Stratford Festival Theatre
Stratford Festival Theatre
(courtesy Canadian Architectural Archives, University of Calgary)


Music Performances
Stratford Shakespearean Festival 1953-60

Music at the Stratford Shakespearean Festival began in 1953, under the direction of Louis Applebaum, with 16 poorly attended afternoon concerts in the 1147-seat Tent Theatre. Only one concert, by the Elizabethan Singers (Stratford, Ont), was presented in 1954. With the move to the 950-seat Concert Hall (a converted badminton court) in 1955, the Festival initiated what was called "The Inaugural Season of Music," presenting Stravinsky's The Soldier's Tale and concerts by Lois Marshall, Isaac Stern, Elizabeth Schwarzkopf, the Hart House Orchestra and Festival Chorus (later the Festival Singers). The 1956 season included a production of Britten's The Rape of Lucretia featuring Jon Vickers; concerts by the Festival Orchestra, Festival Chorus, and various soloists; and the first of three years of jazz programs, which included a concert (1956) by Oscar Peterson (recorded on Verve MGV-8024) and a performance by Duke Ellington of his Shakespearean suite, Such Sweet Thunder (1957). Productions in 1957 included the English Opera Group's presentation of Britten's The Turn of the Screw and a concert by the CBC Symphony Orchestra.

Stratford Festival Theatre, Interior
Stratford Festival Theatre, Interior
The "thrust stage" of the Stratford Festival affords an intimate setting for performances (photo by Jane Edmonds/courtesy Stratford Festival).
Subsequent seasons saw productions of The Beggar's Opera (1958) and Orpheus in the Underworld (1959) and, significantly, the creation in 1959 of the Orchestra Workshop under the direction of leading chamber musicians, to attract and hold players who would form the National Festival Orchestra. (Master classes, in later years independent of the Orchestra Workshop, continued until 1969 and were revived in 1971.) In 1960 concerts were presented for the first time in the Festival Theatre, while stage productions included the Gilbert and Sullivan opera H.M.S. Pinafore (1960). Saturday morning chamber concerts were introduced in 1960 and later increased from three to eight per season. An International Conference of Composers and the International String Congress also were held in 1960.


Stratford Festival 1961-79
In 1961 two distinguished US musicians who were instructors in the Orchestra Workshop, the cellist Leonard Rose and the violinist Oscar Shumsky, were named in a directorial triumvirate with Glenn Gould (a regular performer at Stratford since 1953) to succeed Applebaum.
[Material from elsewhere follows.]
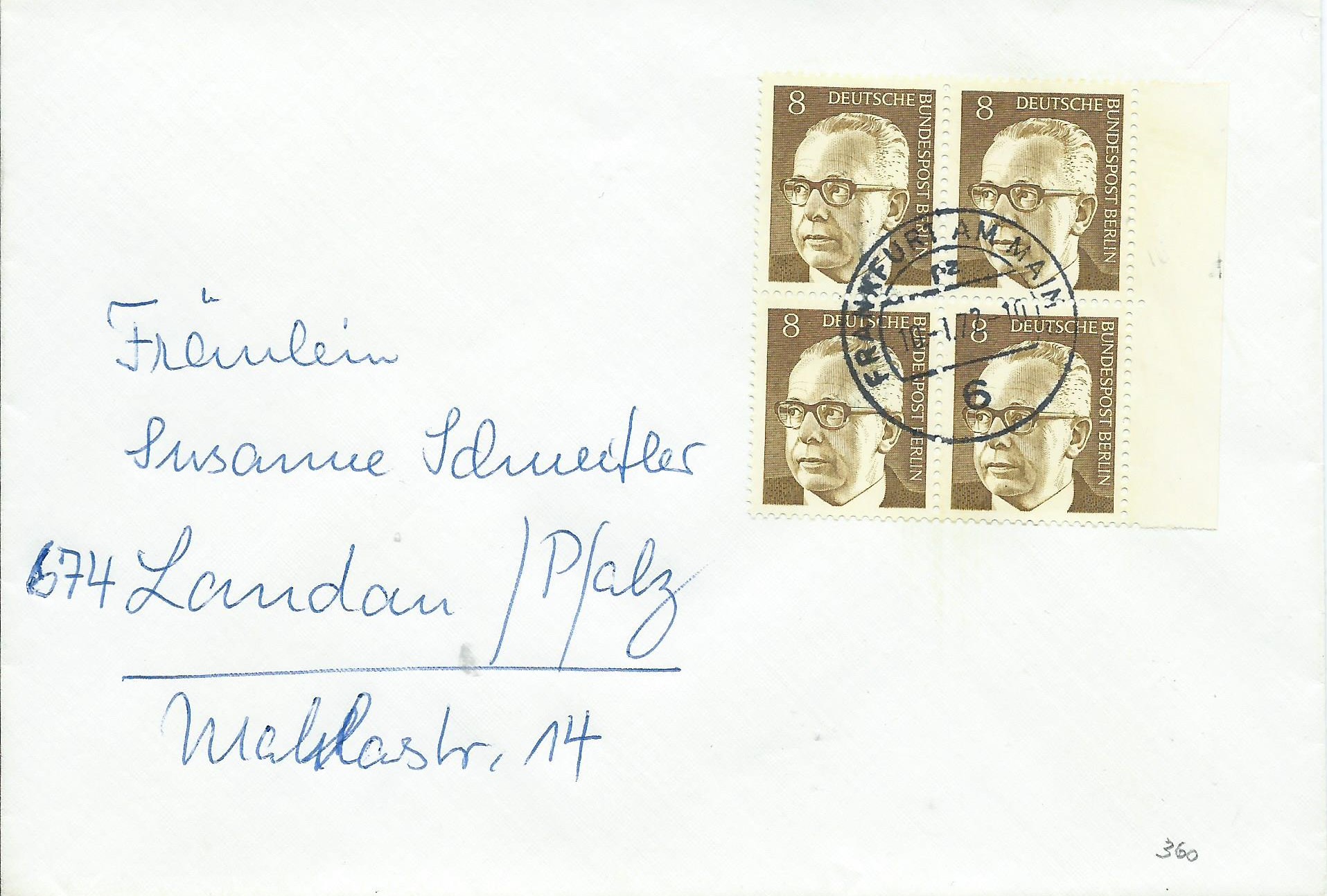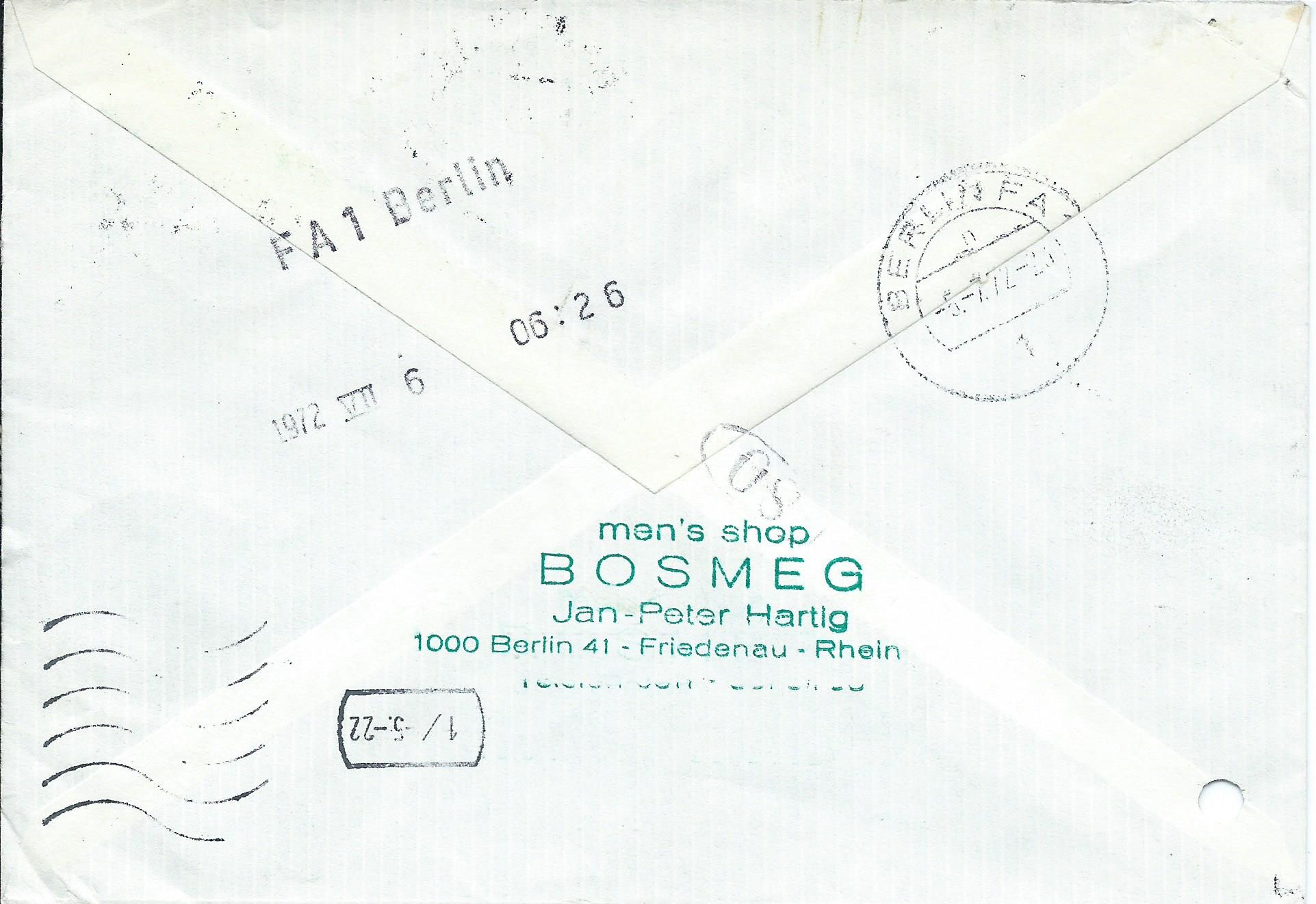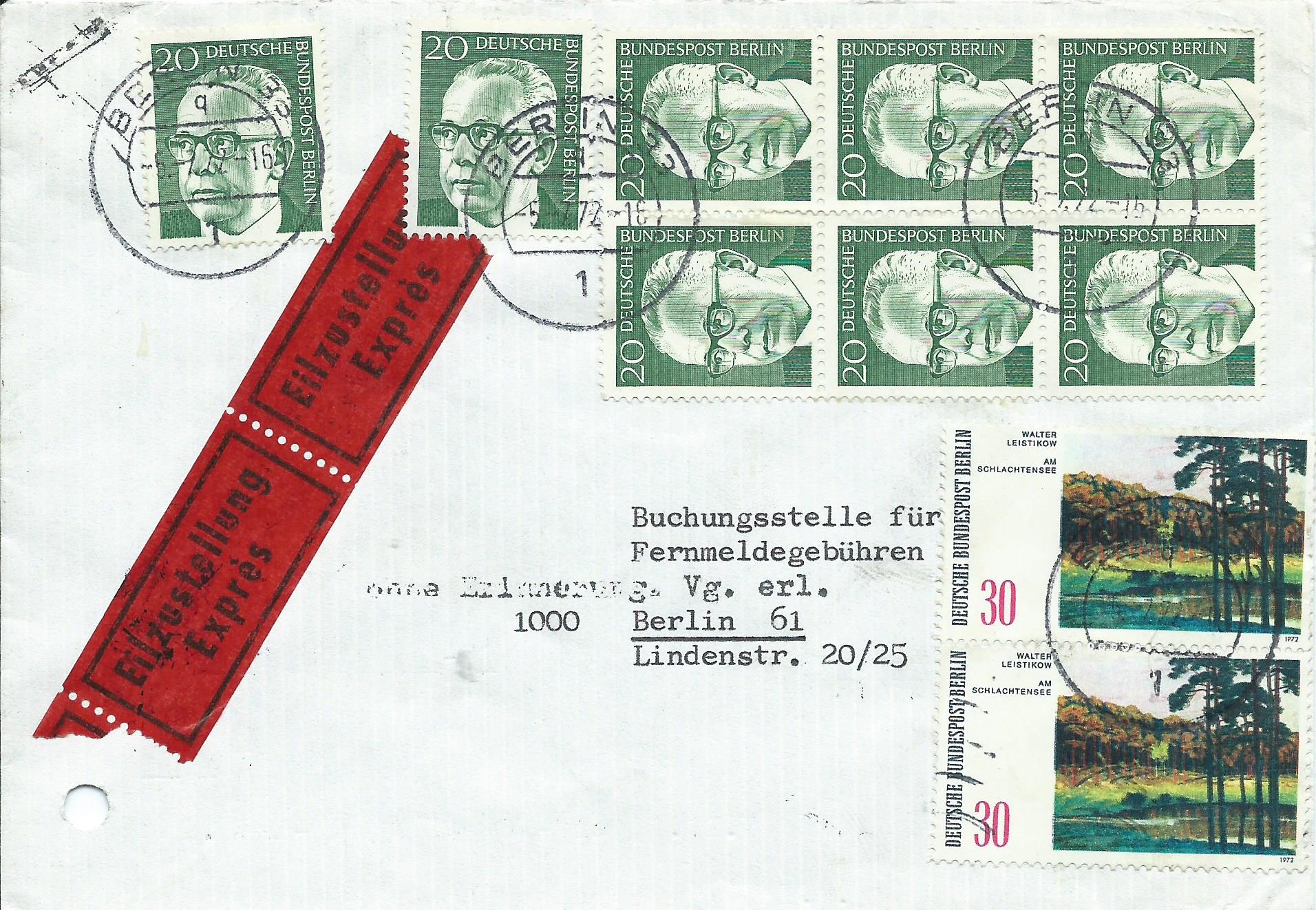 Ein Bedarfs-Eilbrief mit 8 Werten zu 20 Pf, davon 6 im senkrechten Block, und 2 Sondermarken. Interessant ist hier auch die Rückseite des Briefes mit den ganzen Durchgangsstempeln. Abgeschickt wurde er am 5.7.72 um 16 Uhr und am 6.7. scheinbar gegen 7 Uhr zugestellt.

The Rose-Shumsky-Gould seasons 1961-4, and 1965-7 under Shumsky alone, were highlighted by the three players' joint and solo performances, by the continuing expansion of the Festival Concert series, and by the Festival Choral Workshop (1963-5) under Elmer Iseler.

In 1964 music moved to the newly renovated Avon Theatre, with a production of Gilbert and Sullivan's The Yeomen of the Guard (1964). Opera productions, including Mozart's The Marriage of Figaro (1964, 1965), Don Giovanni (1966), and Così fan tutte (1967); Weill's Mahagonny (1965); Britten's Albert Herring (1967); Rossini's Cinderella (1968); and Gabriel Charpentier's An English Lesson (1968), continued until they were deemed prohibitively costly. By 1969, the second of Victor Di Bello's two years as musical director, casual concerts proliferated, and full-scale opera had ceased. After 1969, under the direction of Andrée Gingras 1970-3 and Raffi Armenian 1973-6, concerts decreased in number but expanded in range to include jazz performers and leading Canadian folk musicians as well as chamber and recital programs. The Stratford Festival Ensemble (Canadian Chamber Ensemble), founded and conducted by Raffi Armenian, performed regularly 1974-6.
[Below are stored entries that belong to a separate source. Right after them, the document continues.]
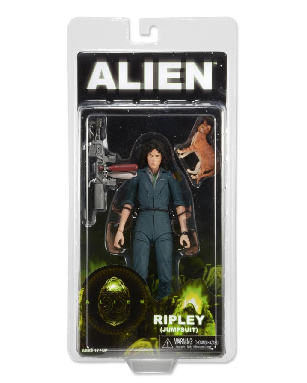 Ripley in Nostromo Jumpsuit comes with flamethrower and Jonesy the cat. Dallas in Nostromo Spacesuit comes with removable helmet, pistol and flashlight. Ripley in Nostromo Spaceuit comes with removable helmet, harpoon gun with two different attachments, and a frightened version of Jonesy the cat. Each fully articulated figure stands approximately 7″ tall and comes in special 35th Anniversary packaging.
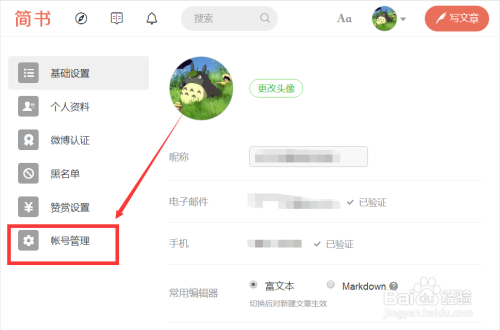 进入简书的设置界面,在左侧功能栏中找到【账号办理】并点击,如图:
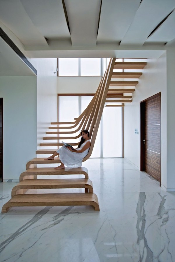 建筑師工作室Arquitectura en Movimento Workshop設(shè)計(jì)的樓梯,美輪美奐,少了扶手,卻多了連接上下梯面的木板,爬起來(lái)舒服,看起來(lái)也順眼,而且室內(nèi)的透光性更好,使用者可以隨意的坐在樓梯上,并且以延伸面做為椅背,圓弧的角度看起來(lái)十分舒適。
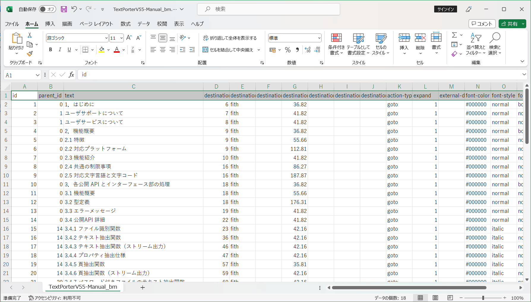 保存したCSVファイルをテキストエディタで開いてみます。しおりのテキスト情報と、しおりのとび先、今回はすべて同じPDF内のリンクですので、PDFのページと座標の情報が入っています。読み取りがうまくいっていない場合は空欄になっています。クリックしたときのアクション、ページ内移動なのか、外部ファイルを開くのかといった指定があります。
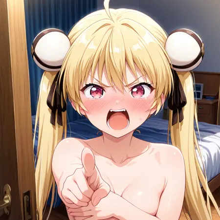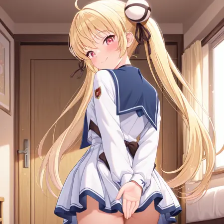 トリガーワードと推奨プロンプト:yuimachiguruil、赤い目、ツインテール、金髪、あほ毛、学校制服、黒いタイツ、茶色のブーツ
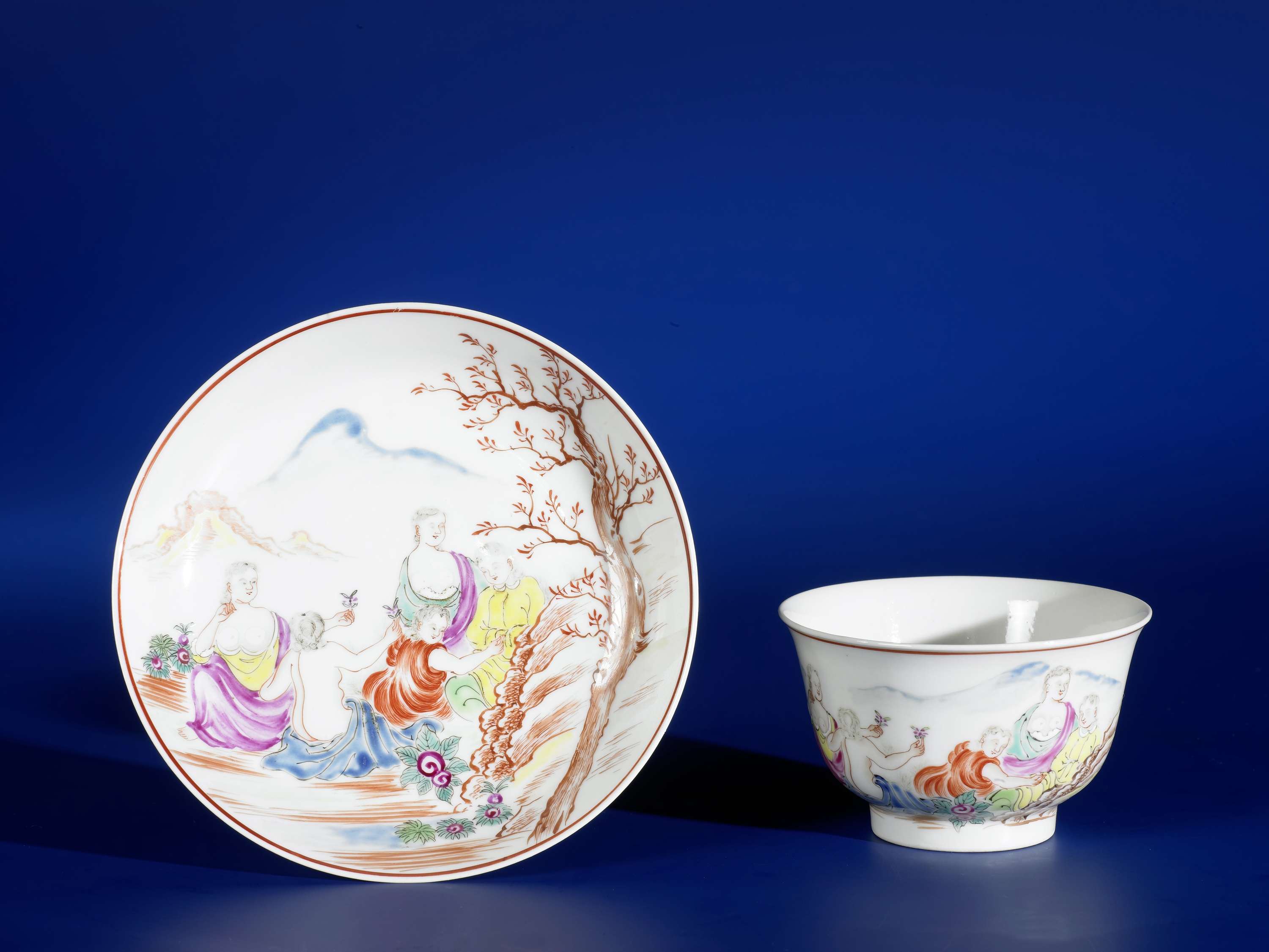 Klokvormige kop en schotel met Europese personen in een landschap||http://hdl.handle.net/10934/RM0001.COLLECT.3258 |

Special concert programs met a mixed reception. The Music at Midnight (later Night Music) series, presented by the Festival's guest musicians and members of the resident Festival orchestra, flourished 1969-76 at the Rothman Art Gallery, but Music For A Summer Day, a notable day-long mini-festival (1972), was dropped after 1973. Although major productions of opera were not resumed, in 1971 the Third Stage (the badminton court again) became the home for chamber opera and experimental productions such as R. Murray Schafer's Patria II: Requiems for the Party Girl (1972), Gabriel Charpentier's Orpheus (1972), Raymond and Beverly Pannell's Exiles (1973, a Stratford commission), Charles Wilson's The Summoning of Everyman (1974), Gian Carlo Menotti's The Medium (1974), Harry Somers' The Fool (1975), Jean Vallerand's Le Magicien (1975), and Richard Strauss's Ariadne auf Naxos (1975).

Berthold Carrière was music director of the Stratford Festival 1976-83 and 1985-2007. No productions were mounted in 1976 or the following year. In fact the 1977 music program was limited to six concerts of pop music. The 1978 season was somewhat expanded: an opening gala featuring artists from the Canadian Opera Company and the National Ballet of Canada; a Third Stage production of Bernstein's Candide with Caralyn Tomlin, Ed Evanko, and Andrea Martin; concerts by Liona Boyd, Oscar Peterson, and Louis and Gino Quilico; and appearances by Bruce Cockburn and Dan Hill. The 1979 season offered the musical Happy New Year (music of Cole Porter, adapted by Burt Shevelove); jazz concerts by the Gary Burton Quartet, Dizzy Gillespie, the Preservation Jazz Band, and Sarah Vaughan; and concerts by Valdy and Kate and Anna McGarrigle.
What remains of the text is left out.